── Entries shown

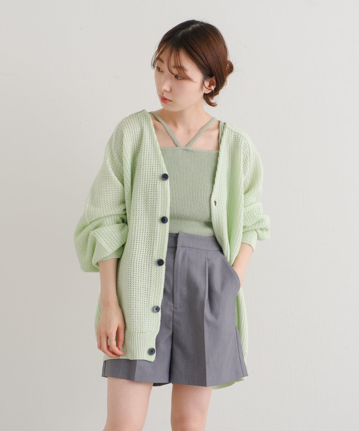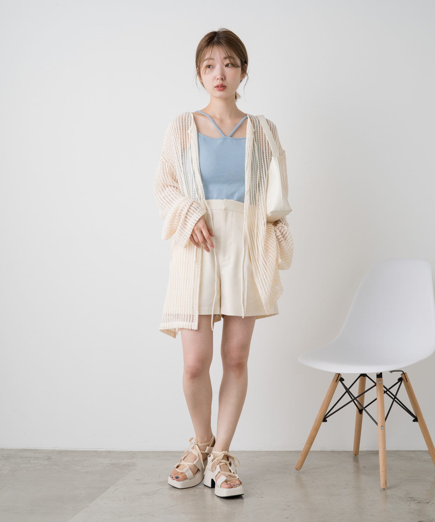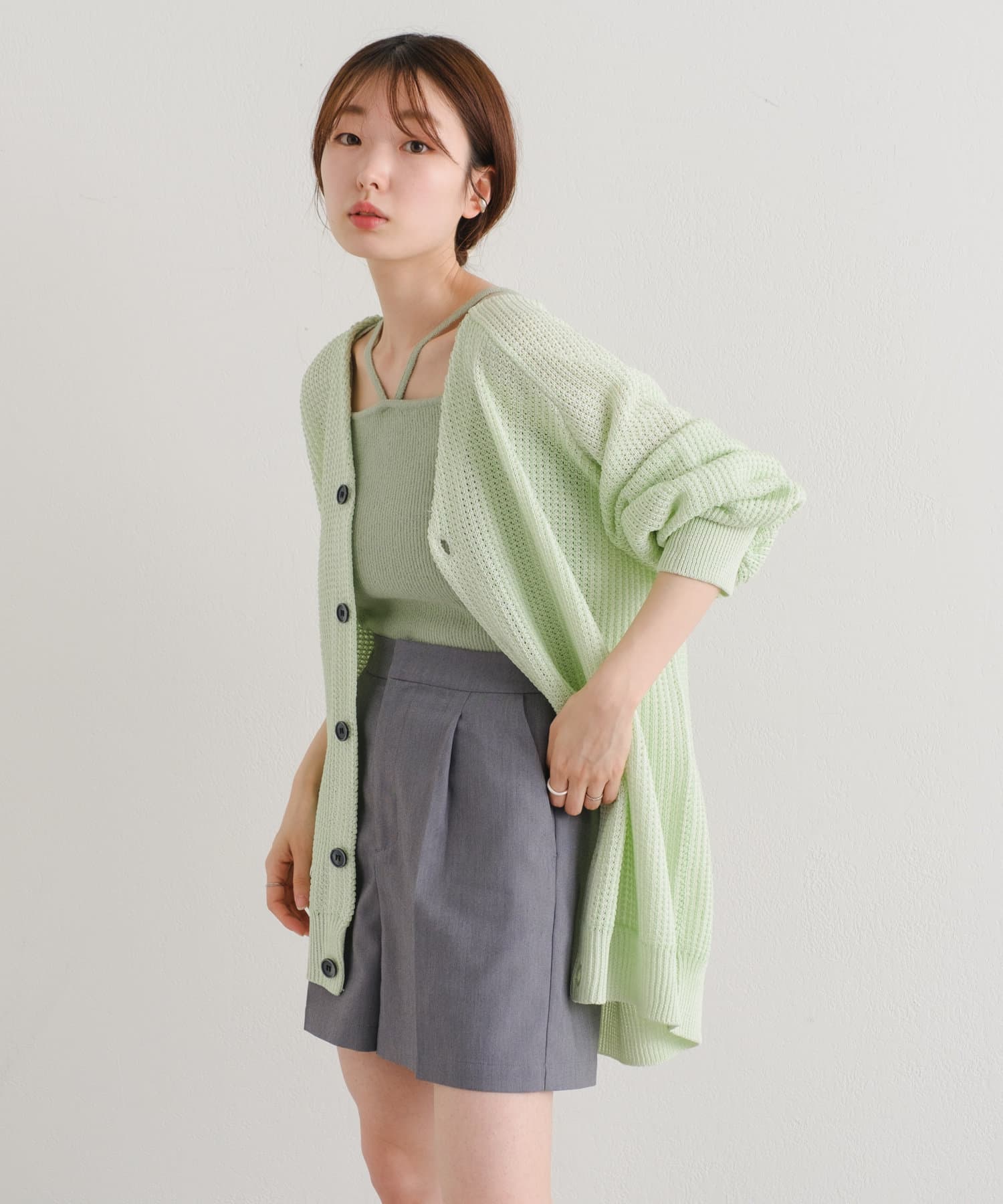ロング丈のシャツやカーディガンを合わせて、ミニワンピース風に着用していただくのがオススメ!
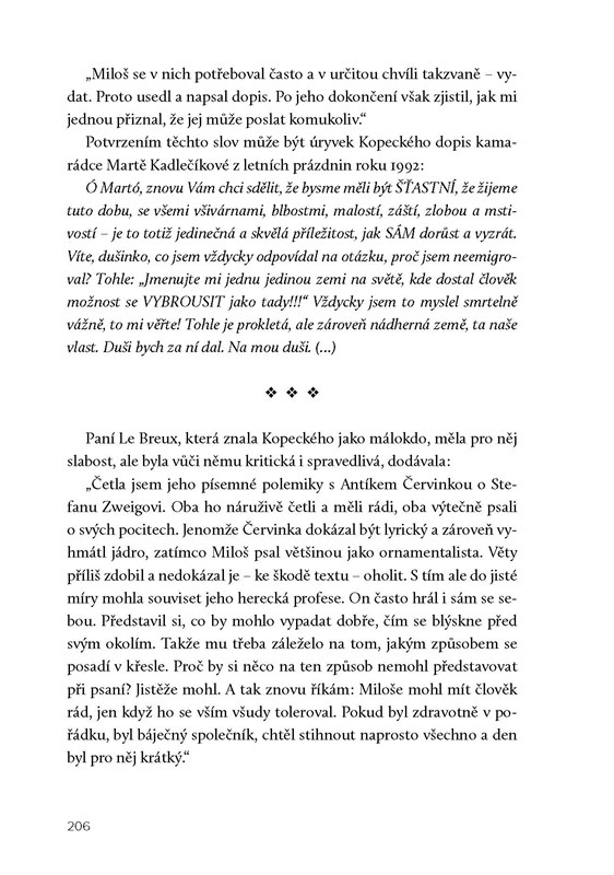 Základem knihy je nedokončená autobiografie Miloše Kopeckého. Svůj životopis začal psát sám, ale velkou část zápisků pod tíhou přílišné sebekritiky spálil.
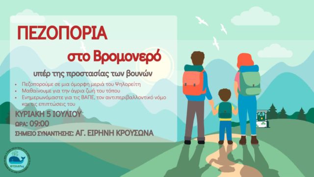 Την Κυριακή 5 Ιουλίου, καλούμε όλους/ες όσοι/ες νοιάζεστε για το μέλλον της Κρήτης και της Ελλάδας, εσάς που αγωνιάτε για την προστασία της φύσης μας, σε μια εύκολη πεζοπορία στο νοτιοανατολικό τμήμα του Ψηλορείτη, «Αγία Ειρήνη – Βρομονερό», μισή μόλις ώρα μακριά από το Ηράκλειο.
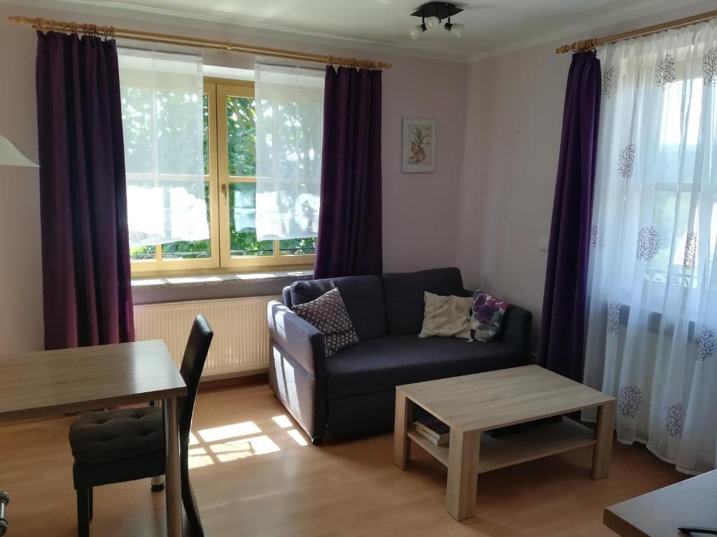 mit 1 Schlafzimmer und Schlafsofa im Wohnzimmer
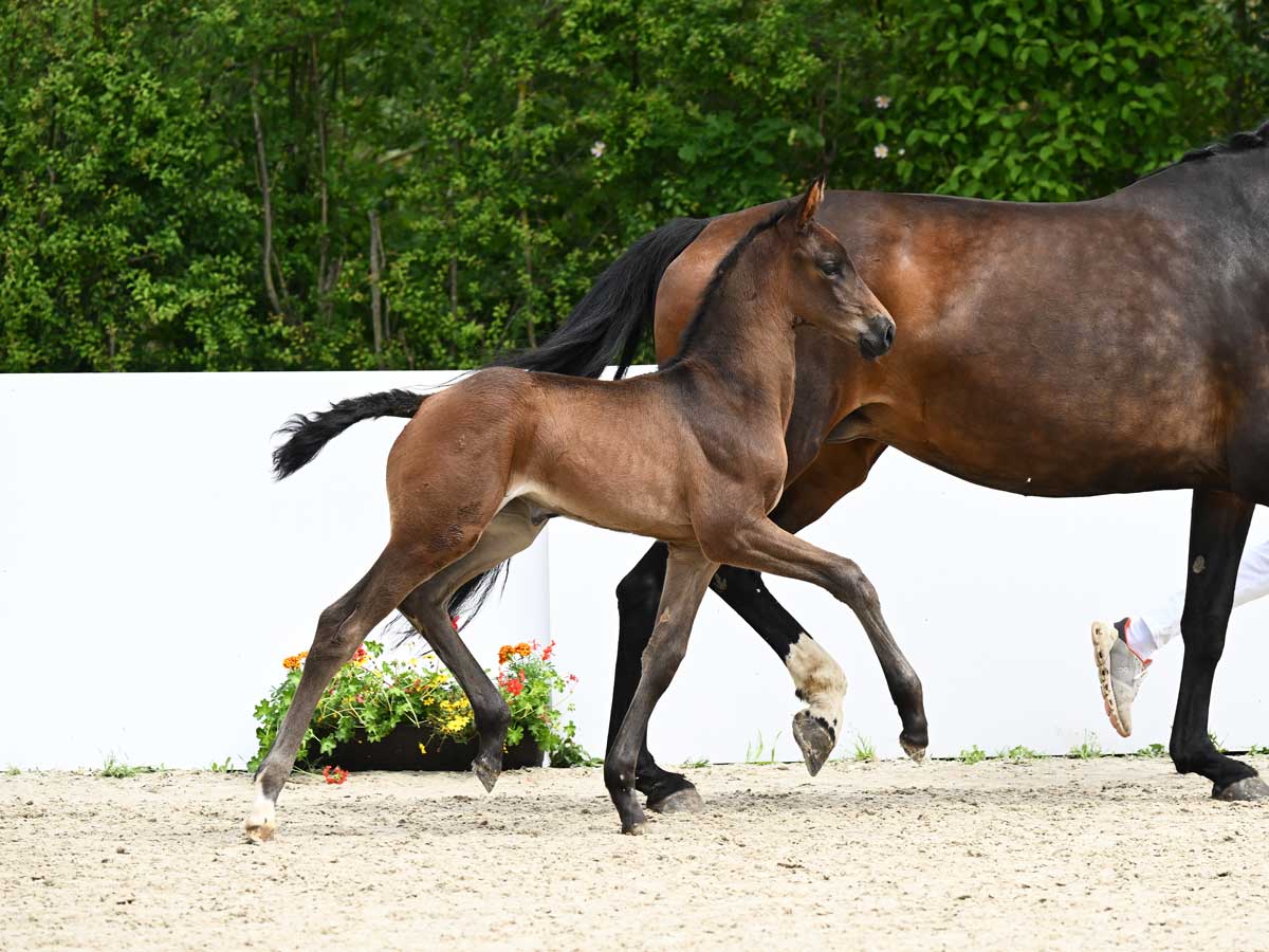 Zwei weitere Fohlen knackten die 10.000-Euro-Grenze: Für 12.000 Euro wurde ein Stutfohlen vom DSP-Mastershengst Vingino aus der Zucht von Sabine Reisenauer in Uhingen zugeschlagen. Schon die Mutter des Fohlens, Casall-Tochter Coeur du soleil S war einst DSP-Auktionsfohlen. 11.500 Euro wurden für einen Sohn des aktuell für das Bundeschampionat qualifizierten Be my Dancer aus der Zucht von Jakob und Martina Reglauer aus dem nahe gelegenen Starnberg erzielt. Seine Mutter, DSP-Championesse der Vierjährigen 2013, vertritt einen DSP-Stamm, der zahlreiche bis Grand-Prix-Niveau erfolgreiche Sportpferde hervorbrachte.

────

[Task item]
Keep the pictures out and repeat exactly the lines from the beginning of the data through the line that contains "mit 1 Schlafzimmer", both ends included.

[Task solution]
ロング丈のシャツやカーディガンを合わせて、ミニワンピース風に着用していただくのがオススメ!
 Základem knihy je nedokončená autobiografie Miloše Kopeckého. Svůj životopis začal psát sám, ale velkou část zápisků pod tíhou přílišné sebekritiky spálil.
 Την Κυριακή 5 Ιουλίου, καλούμε όλους/ες όσοι/ες νοιάζεστε για το μέλλον της Κρήτης και της Ελλάδας, εσάς που αγωνιάτε για την προστασία της φύσης μας, σε μια εύκολη πεζοπορία στο νοτιοανατολικό τμήμα του Ψηλορείτη, «Αγία Ειρήνη – Βρομονερό», μισή μόλις ώρα μακριά από το Ηράκλειο.
 mit 1 Schlafzimmer und Schlafsofa im Wohnzimmer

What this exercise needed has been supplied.